■ TASK REQUIREMENTS ■
Copy out the lines beginning at the one with "- 22 OCTOBLE ベルト付サテンブラウス柄物ワンピース赤系38☆美品56" and ending at the last line of the data, both included; pictures stay out.

-------- COLLECTED MATERIAL

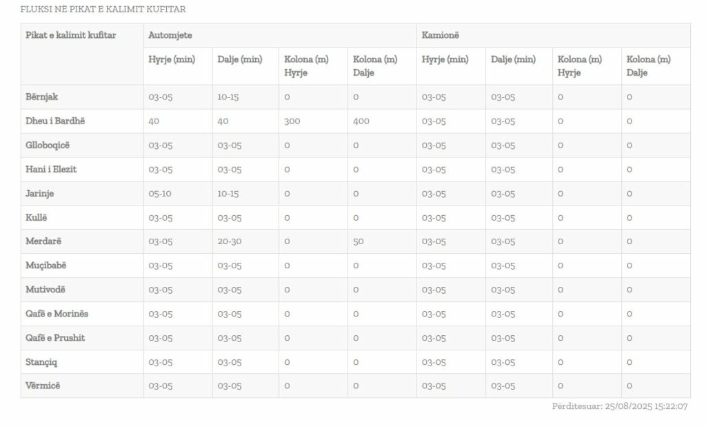 Përderisa te Dheu i Bardhë pritej deri në 2 orë, tanimë me përditësimin e ri të të dhënave, bëhet e ditur se pritjet vijojnë në 40 minuta.
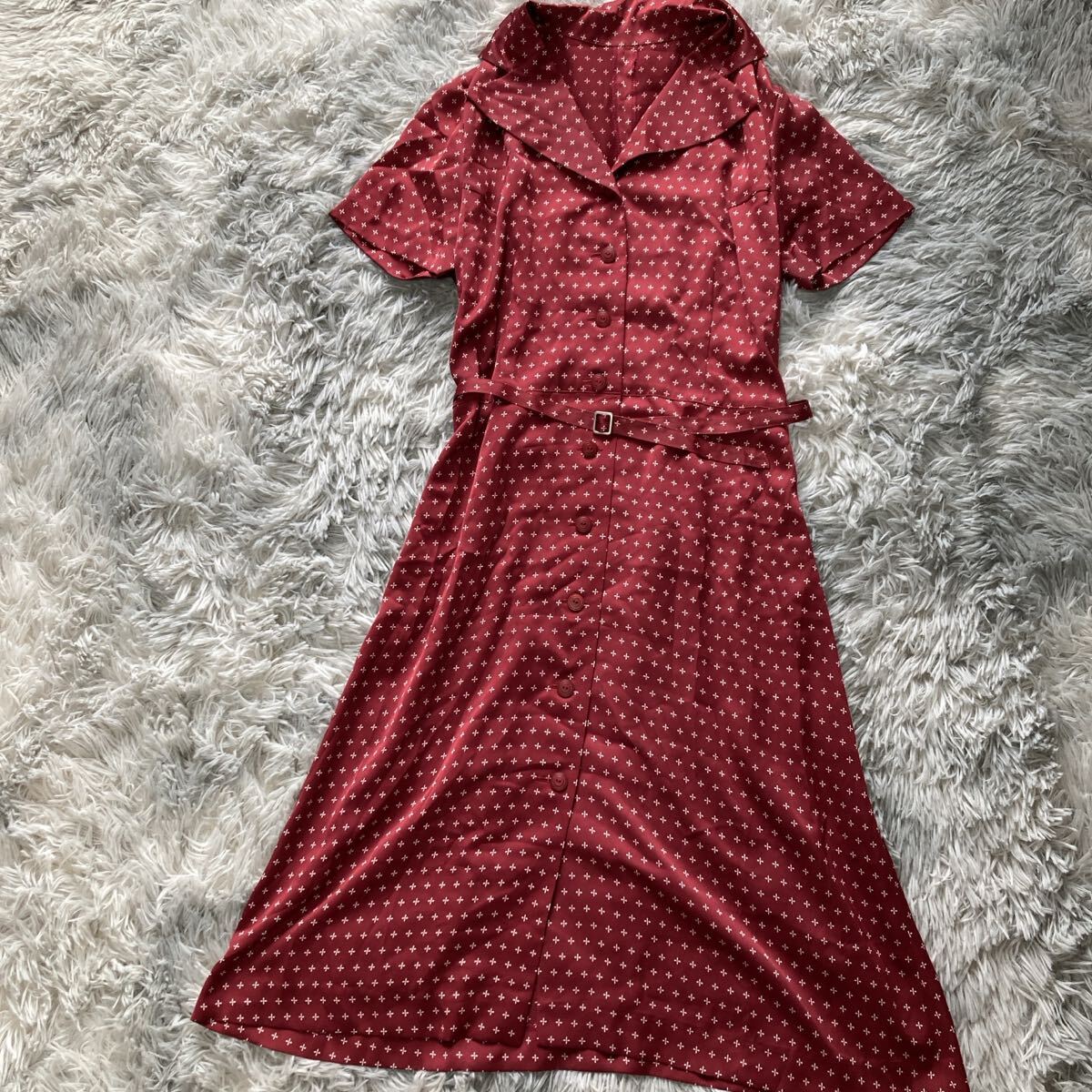 - 22 OCTOBLE ベルト付サテンブラウス柄物ワンピース赤系38☆美品56
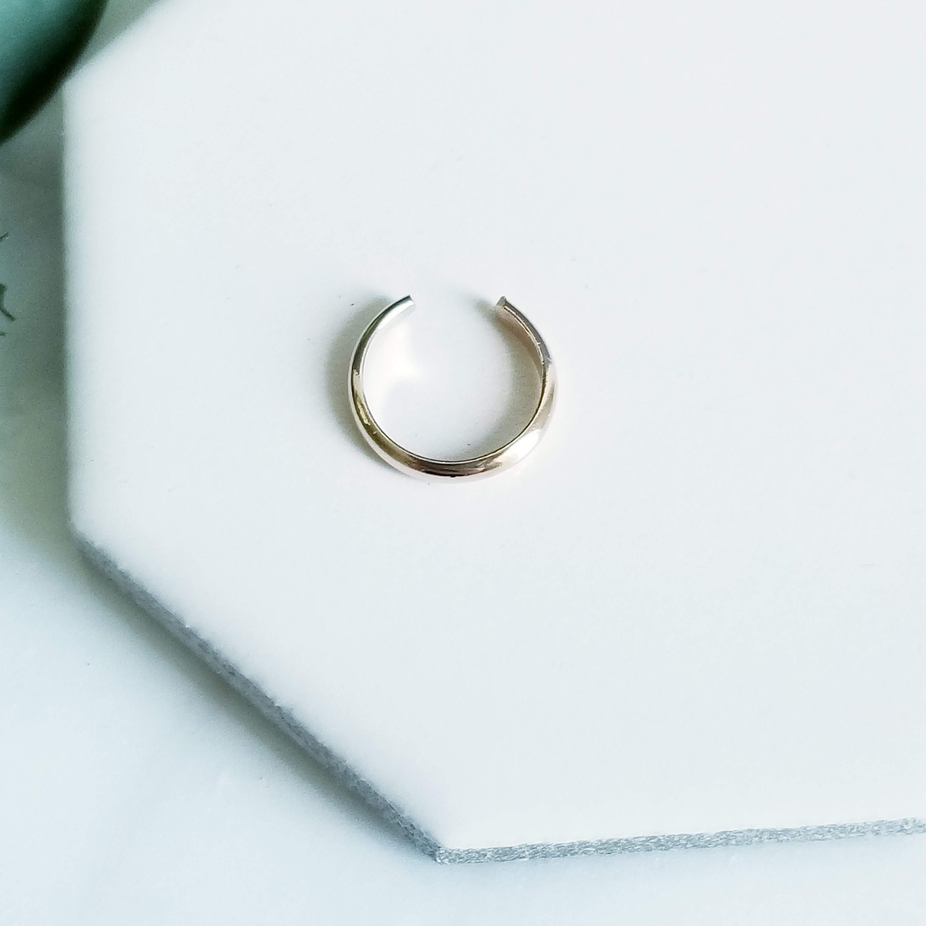 Can also be slid onto the side of your nose as a faux hoop piercing. Squeeze gently to size.
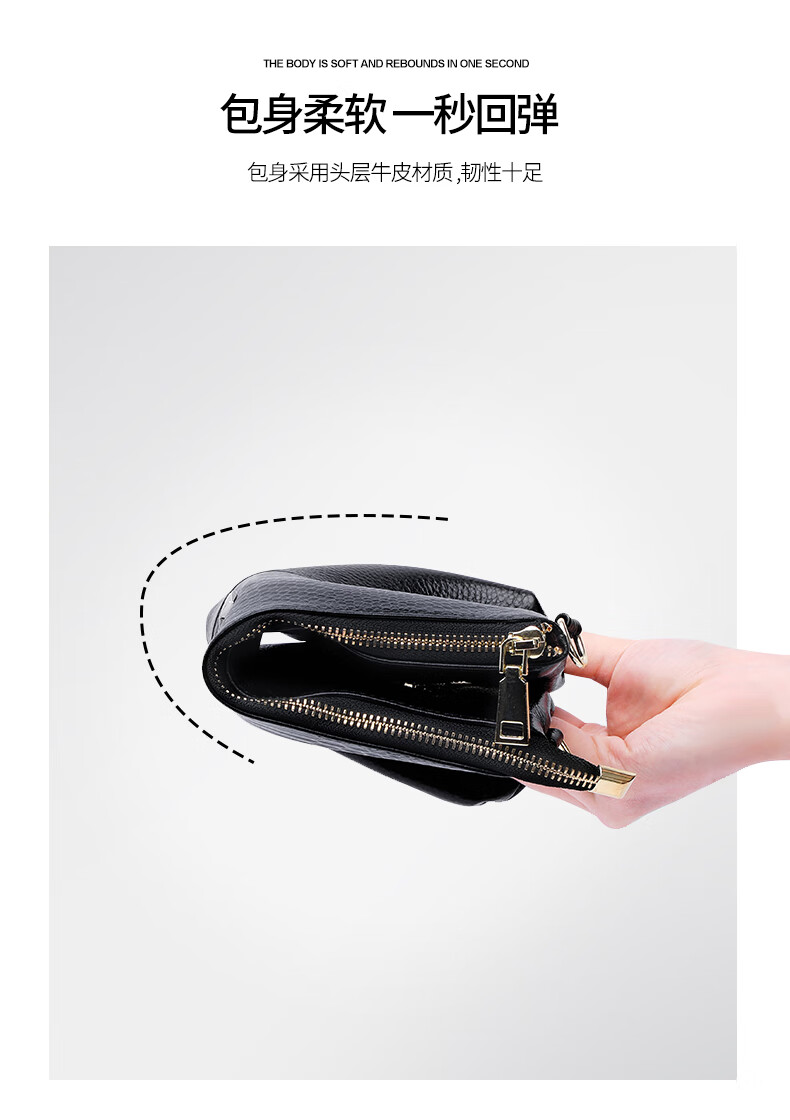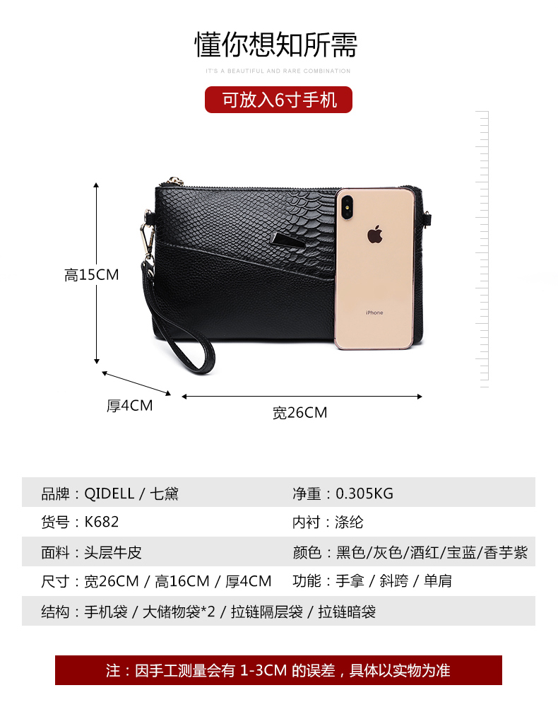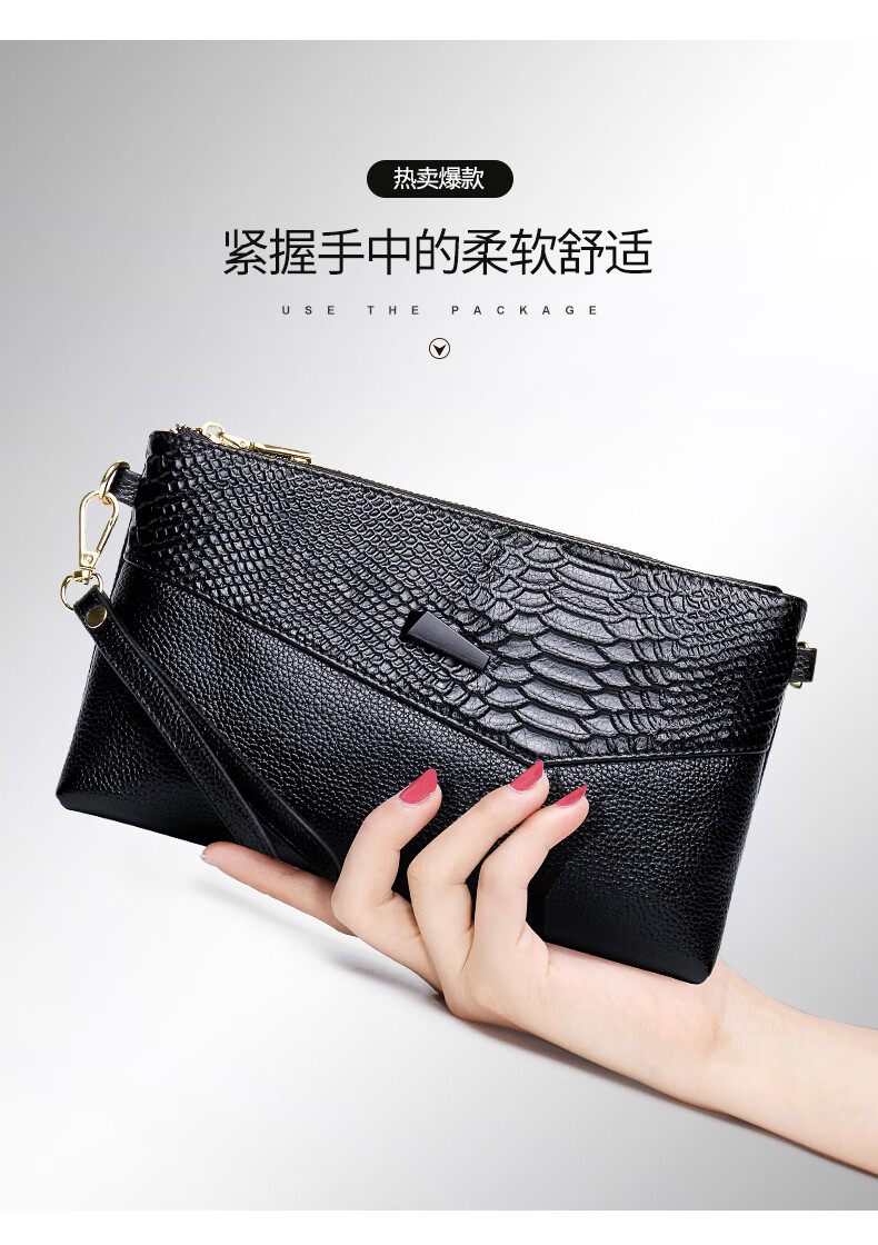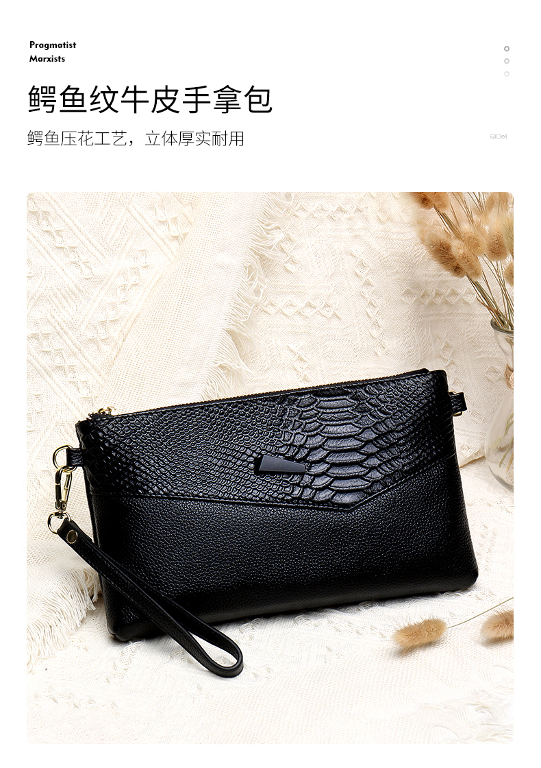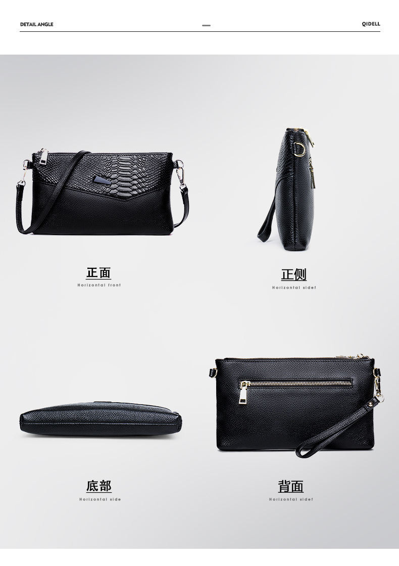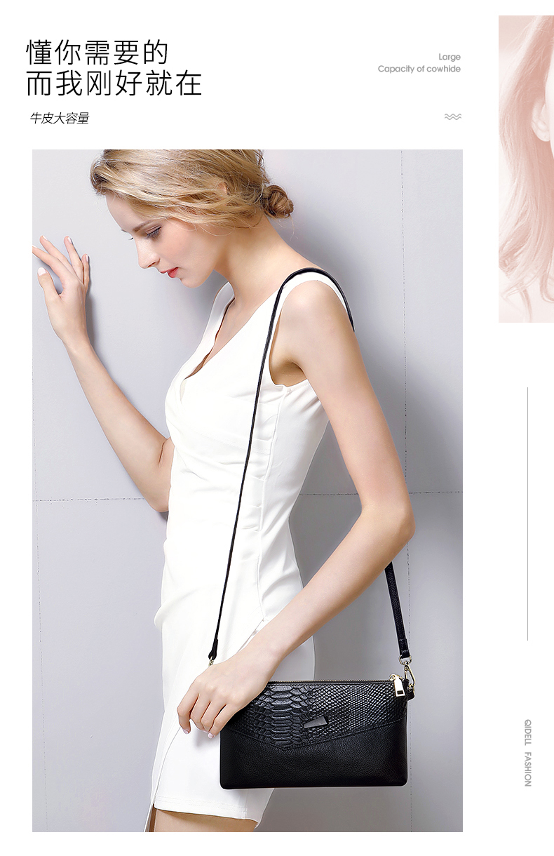 Qidell Clutch Women's Genuine Cowhide New Korean Style Large Capacity Clutch Bag Fashion Cowhide Crossbody Bag Women's Handbag Black

----------------

■ SOLUTION TO THE EXERCISE ■
 - 22 OCTOBLE ベルト付サテンブラウス柄物ワンピース赤系38☆美品56
 Can also be slid onto the side of your nose as a faux hoop piercing. Squeeze gently to size.
 Qidell Clutch Women's Genuine Cowhide New Korean Style Large Capacity Clutch Bag Fashion Cowhide Crossbody Bag Women's Handbag Black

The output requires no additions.